Ulitmately, our pricing is typically aligned to our brand, our offering and the perceived value to the guests. It’s also about ensuring that we are maintaining the expected standards of service and delivery, especially with high repeat clientele numbers.”



Chaya Kowal
Chaya KowalDirecteur de la gestion des revenus, Potato Head Family

“To start with, I believe your pricing analysis should always begin with your own product and positioning. Every hotel is different, and before looking outside, you need to understand how guests are perceiving your value. Your guest satisfaction scores, reviews, and direct feedback are your first indicators. Are you consistently delivering on your brand promise? I always say: aim to be better than yesterday, every single day.

Once you’re clear on your internal performance and guest perception, then bring in market and competitor insights. One of the main tools I use is STR. While it’s not always an apples-to-apples comparison, it still offers strong benchmarking through key indexes like RGI, ARI, and MPI. These help you understand if you’re gaining fair market share, if your rate is competitive, and how you’re pacing in terms of occupancy.

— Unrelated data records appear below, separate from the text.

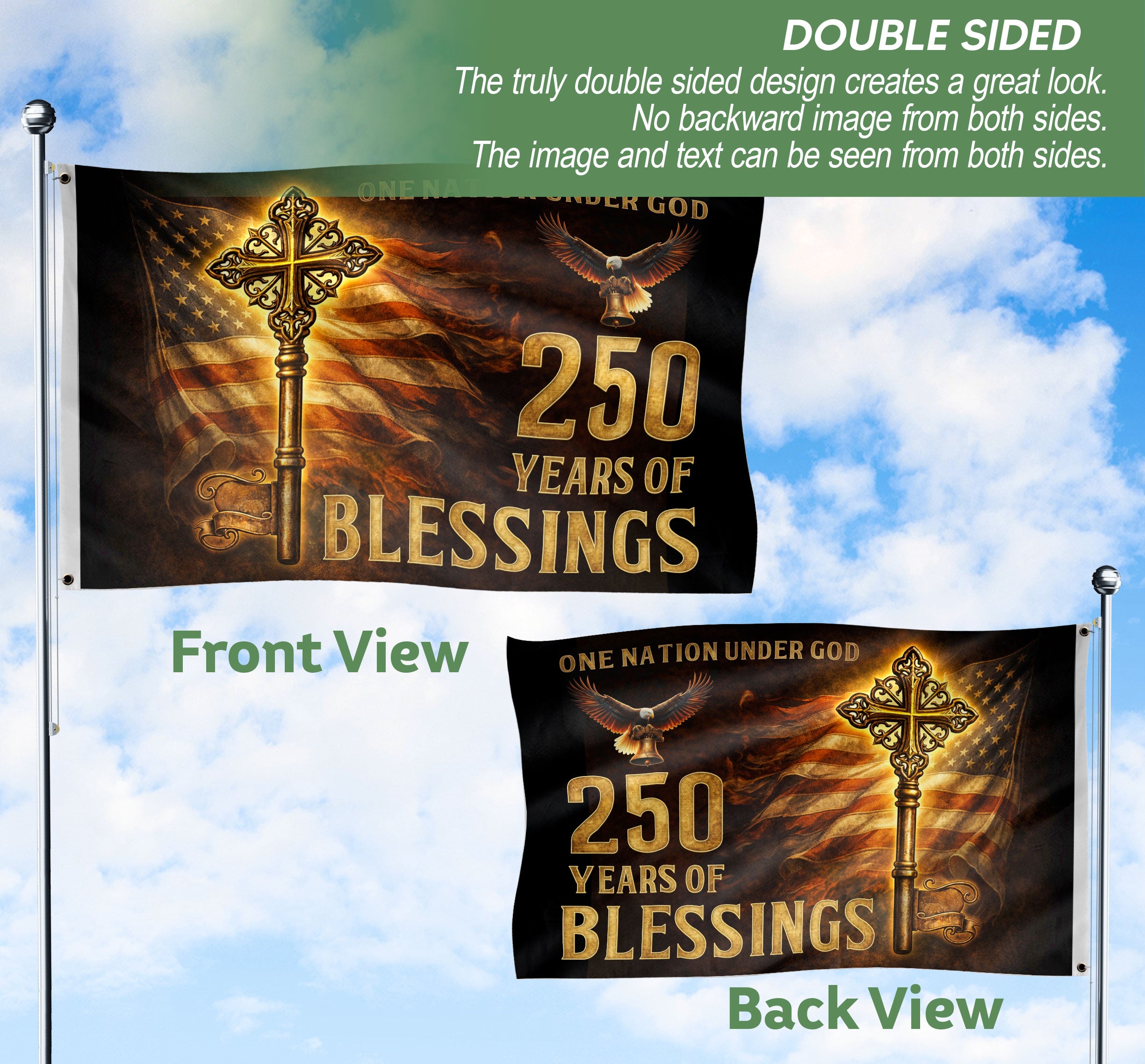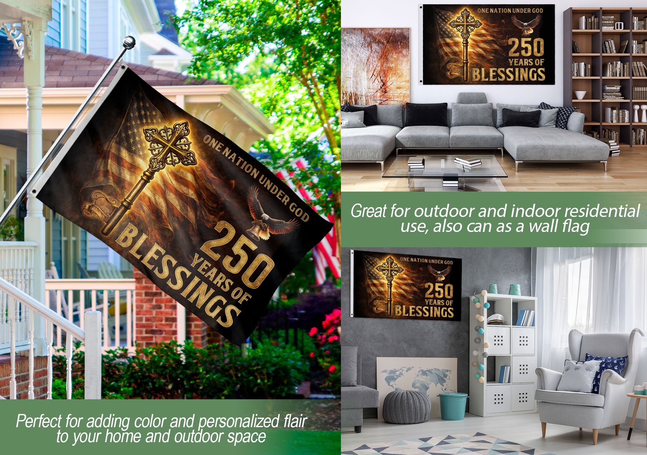 Celebrate 250 years of American history and faith with the USA 250 Years of Faith Cross Flag. This striking Christian patriotic flag features a bold cross emblem, the iconic phrase ‘One Nation Under God,’ and ‘250 Years of Blessings,’ commemorating the nation’s spiritual heritage from 1776 to 2026. Crafted for durable outdoor use, it’s perfect for displaying in gardens, yards, porches, or during patriotic celebrations, church events, and Independence Day gatherings. Show your gratitude for America’s Christian roots and inspire others with this meaningful symbol of faith and freedom. High-quality polyester construction ensures vibrant colors and weather resistance for long-lasting display.
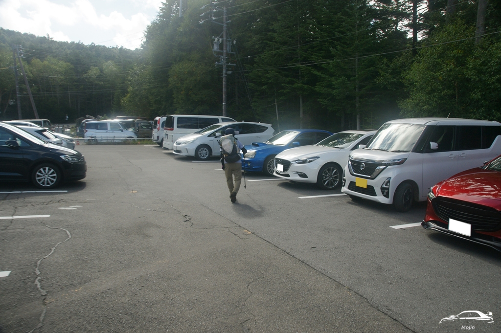 第一駐車場は、ほゞ満車2~3台しか開いていない。辛うじて舗装された第一駐車場へ停められました。
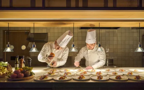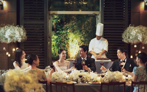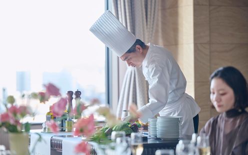 開業以来、65年歴史の中で国内外の美食家たちを愉しませてきたホテルの味。幅広いジャンルの料理を提供でき、進化し続けるホテル伝統の味と熊本の食材を融合させた絶品料理で、ふたりの大切なゲストをおもてなしします。会場に併設されたキッチンから温かい料理は温かいうちに、冷たい料理は冷たいうちに出来立てをそのままお届けします。
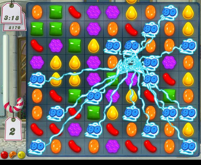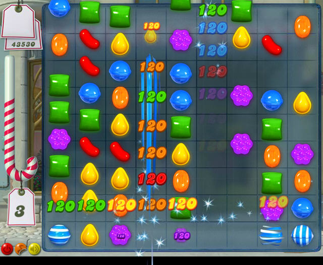 如果你一次性完成了4个以上的糖果消除,你可以得到很多的道具奖励,比如屏幕上所有同类糖果的道具,或者是一个会引起小范围爆炸的道具。
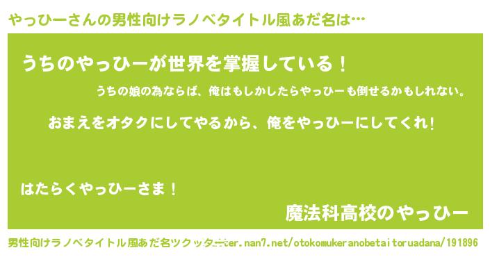 | 女子向けラノベタイトル風あだ名 | 『やっひー夫妻のなれそめ』 |
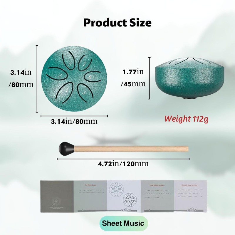 - [6 harmonische Töne] Die Stahlzungen-Trommel erzeugt 6 wohltuende Klänge in C-Dur, perfekt für Meditation, Musiktherapie oder entspannte Momente. Die sanften Vibrationen fördern Konzentration und innere Ruhe.
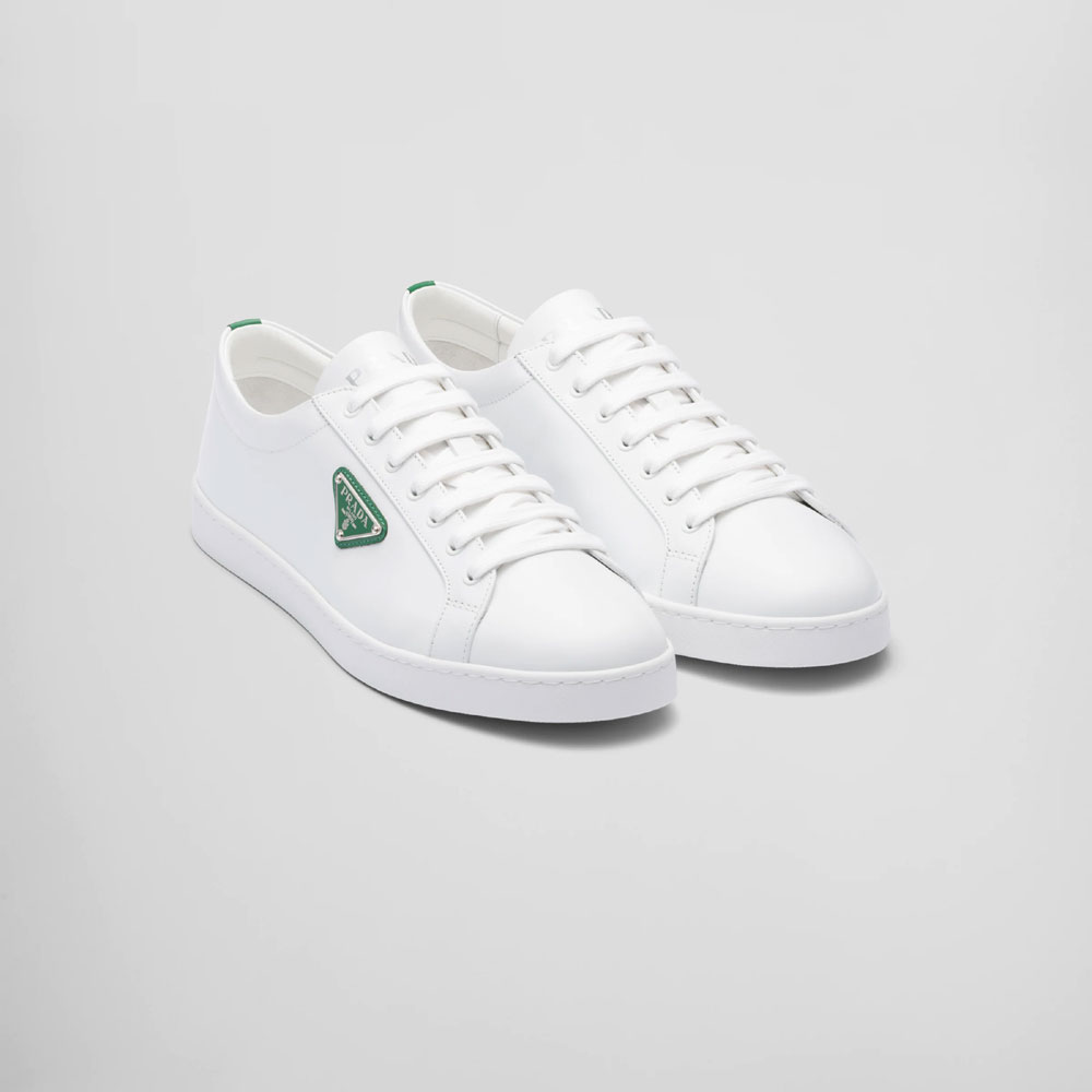 Since the '90s. brushed leather. traditionally used in fine classic footwear. has been reinterpreted in Prada collections on contemporary designs like these sneakers with a sleek line: the result is a hybrid style that reflects the duality of the brand. The enameled metal triangle logo decorates the shoe.

I also rely on Lighthouse (formerly OTA Insight), especially for more granular competitor and market demand analysis. It’s useful when managing multi-property setups, because it allows you to build different comp sets per property type, segment, or positioning. You can also analyse geo-market behaviour, lead times, flight search trends, hotel search volumes, and GDS pickup; all of which help shape a more accurate pricing and positioning strategy.

Another underrated angle is analysing your ad spend performance; particularly through metasearch platforms. Tools like Google Ads Insights, Meta IBE tracking, or even built-in comp set visibility tools in metasearch dashboards can show how your visibility and click-through rate compare to your competitors. If you’re spending more but converting less, it might reflect a pricing mismatch or unclear value proposition. For example, if you notice that your hotel has higher review scores but lower ADR than your comp set, that’s a clear opportunity to reposition or realign your rate strategy. On the other hand, if your ARI is high but RGI is flat or declining, it might be a sign that guests don’t fully see the value for the price and product improvements or better storytelling around your USPs might be needed.

At the end of the day, pricing is not just a number; it’s a reflection of how your value is perceived. Data and tools are here to support, but your strategy should be rooted in knowing your brand, your guest, and the experience you offer. Pricing well isn’t about reacting to competitors – it’s about confidently owning your space in the market.”